What shall we say then? Shall we continue in sin, that grace may abound? God forbid. How shall we, that are dead to sin, live any longer therein? Know ye not, that so many of us as were baptized into Jesus Christ were baptized into his death? Therefore we are buried with him by baptism into death: that like as Christ was raised up from the dead by the glory of the Father, even so we also should walk in newness of life. For if we have been planted together in the likeness of his death, we shall be also in the likeness of his resurrection: (Romans 6:1-5)

Dead to Sin: This is not a reference to the believer’s ongoing daily struggle with sin, but to a one-time event completed in the past. Because we are in Christ (Rom. 6:11; 8:1) and He died in our place (5:6-8), we are counted dead with Him. This is the fundamental premise of Romans chapter 6, and Paul spends the remainder of the chapter of the chapter explaining and supporting it.

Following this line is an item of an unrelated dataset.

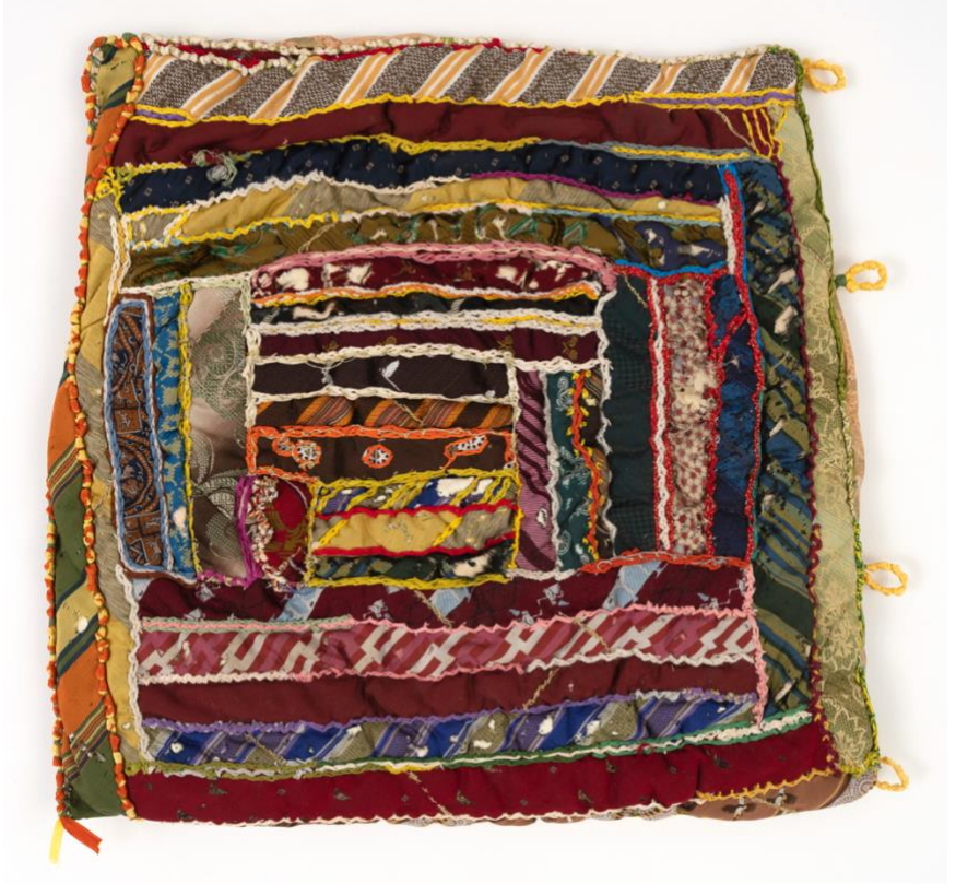
Elizabeth Talford Scott, "Untitled (Lap Cushion)" (circa early 1990s), fabric, beads, buttons, ribbon, thread, repurposed silk and fiber ties, 19 x 20 inches

Not Under the Law but Under Grace (6:14). This does not mean God has abrogated His moral law. The law is good, holy, and righteous; but it cannot be kept, so it curses. Since it cannot assist anyone to keep God’s moral standard (see Romans 7:7-11), it can only show the standard and thus rebuke and condemn those who fail to keep it. But the believer is no longer under the law as a condition of acceptance with God – an impossible condition to meet and one designed only to show man of his sinfulness – but under grace, which enables him to truly fulfill the law’s righteous requirements.

Romans 6:1 – Shall we continue in sin….. Paul rightly anticipated that skeptics might reason, “If salvation is based entirely upon grace, won’t this encourage them to sin even more?” Certainly not! (v. 2) - this literally means, “may it never be….., by no means). This is a strong repudiation in the original Greek.

Romans 6:3-4 - baptized into Christ Jesus. This is not necessarily a literal water baptism, but a metaphorical immersion of person into the work of Christ – that is, completely united and identified with Him, “so as to alter a person’s condition or relationship to his or her previous environment condition” (according to Weust). In the same way that we were united with Christ in His death and burial, so too is His resurrection; this speaks of regeneration – a new creation!